In the table. 1 shows the indicators of runoff before and after cleaning the proposed method.

Table 1

No. p / p Parameter Name Parameters (ιηίη / max) at the entrance to the treatment plant (mg / dm ³ ) Parameters (ιηΐη / max) at the outlet of the treatment plant (mg / dm ³ ) Decrease by more than (times) one Ammonium Nitrogen 34/95 5,4 / 10 nine 2 BPK-5 94/515 5,4 / 10 thirteen 3 Oil products 0.8 / 2.5 0,03 / 0,08 fifty 4 Suspended matter 152/385 8.8 / 34 10 5 Phosphates 8.7 / 11.9 4.3 / 5.1 2 6 Chlorides 52/80 47/54 1,5 7 APAV 1.9 / 3.3 0.2 / 0.37 5 8 pH 7.05 / 8.12 7.03 / 7.2 norm nine Dry residue 492/1182 248/440 4

Thus, through the easy labor-saving modernization of the sewage systems of enterprises, the existing capacity of sewage treatment plants in the housing and communal services system, the necessary conditions are created for the life of a particular symbiosis of anaerobic microorganisms by changing the flow rate from bottom to top for better contact of wastewater with activated sludge.

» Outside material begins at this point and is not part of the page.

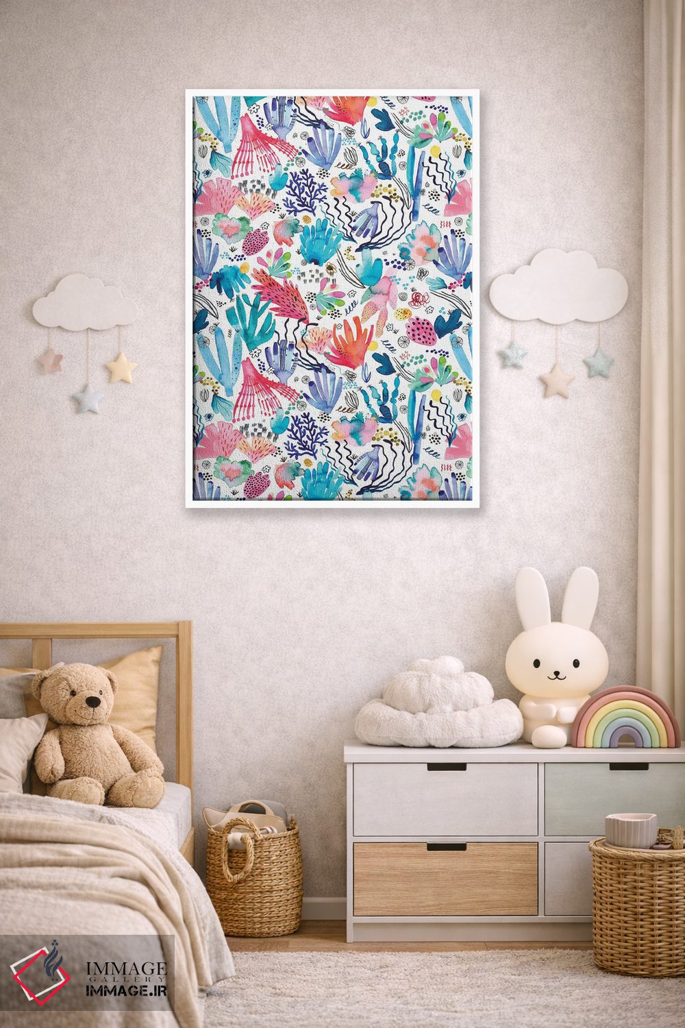 «صخرهٔ مرجانی آبرنگی چندرنگ» اثرِ «نینولا دیزاین (استودیو طراحی)» از آن کارهاییست که فضا را صمیمیتر و دعوتکنندهتر نشان میدهد؛ برای اتاق بازی یا گوشهٔ مطالعه انتخاب خوبیست. حسش صمیمی است، اما کیفیتش جدی و خوشپرداخت.

The advantages of the proposed method in comparison with traditional methods using the aeration principle:

a higher degree of wastewater treatment in both standard and volley discharge modes;

lack of need for the construction of expensive, complex and bulky bioreactors in hardware;

the system’s performance does not depend on energy sources and does not require constant monitoring of the cleaning system’s performance:

a much smaller number of maintenance personnel that do not require special training;

high reliability of the entire cleaning method due to the lack of dependence of the performance of aerobic microorganisms on the composition of the incoming runoff, human, energy and external factors;

a much smaller amount of waste sludge and its labor-intensive disposal;

the absence of any mechanisms and complex structures to ensure the operability of the system reduces operating costs to almost zero;

higher environmental friendliness due to the characteristics of the strains used;

much lower cost of the entire cleaning system.

From the foregoing, it follows that the use of this method is economically viable, industrially applicable, as evidenced by the examples, has an inventive step, since the effect achieved and its environmental effect are significantly superior to methods using aeration.

Literature

1. Patent VI No. 2272793 C2, publ. 10/10/2003.

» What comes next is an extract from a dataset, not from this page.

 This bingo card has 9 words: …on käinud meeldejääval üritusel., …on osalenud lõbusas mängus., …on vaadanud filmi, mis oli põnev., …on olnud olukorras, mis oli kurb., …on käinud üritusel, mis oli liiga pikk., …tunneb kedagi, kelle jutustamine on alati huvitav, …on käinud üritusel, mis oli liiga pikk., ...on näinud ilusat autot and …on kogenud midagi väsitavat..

2. Patent VI No. 2235692 C2, publ. 09/10/2004.

3. A. S. 8I No. 1735210 A1, publ. 05/23/1992.

Claims (4)

CLAIM 1. The method of complete biological wastewater treatment of livestock, dairy, meat, petrochemical and household wastewater enterprises, including the interaction of wastewater with symbiosis of strains of microorganisms VaeShik cr. VKPM B-5061 and Rkeiboshopak cr. No. 114 VKPM B-5060. 2. The method according to claim 1, characterized in that the interaction is carried out in a hydraulic seal formed in the sewer well, in which the medium with the immobilized strains of microorganisms is placed, by feeding wastewater from the bottom up. 3. Device for complete biological treatment of wastewater from livestock enterprises, - 4,014,386 of the dairy, meat, petrochemical and household waste water method according to claims 1, 2, made in the form of a hydraulic seal formed in a sewer well, which contains the environment with immobilized strains of microorganisms VaeShik cr. VKPM B-5061 and Rkeiboshopak cr. No. 114 VKPM B-5060, while the well is equipped with an inlet pipe, a vertical overflow pipe and an outlet pipe, the inlet and outlet pipes are located in the bottom zone, and the overflow pipe and outlet pipe are interconnected by a crankcase with constant cross section. 4. The device according to claim 3, characterized in that it contains at least one additional water seal formed in an additional sewer well, which initially does not contain the medium with microorganisms, while the additional well is connected by its inlet pipe with the outlet pipe located in front of it.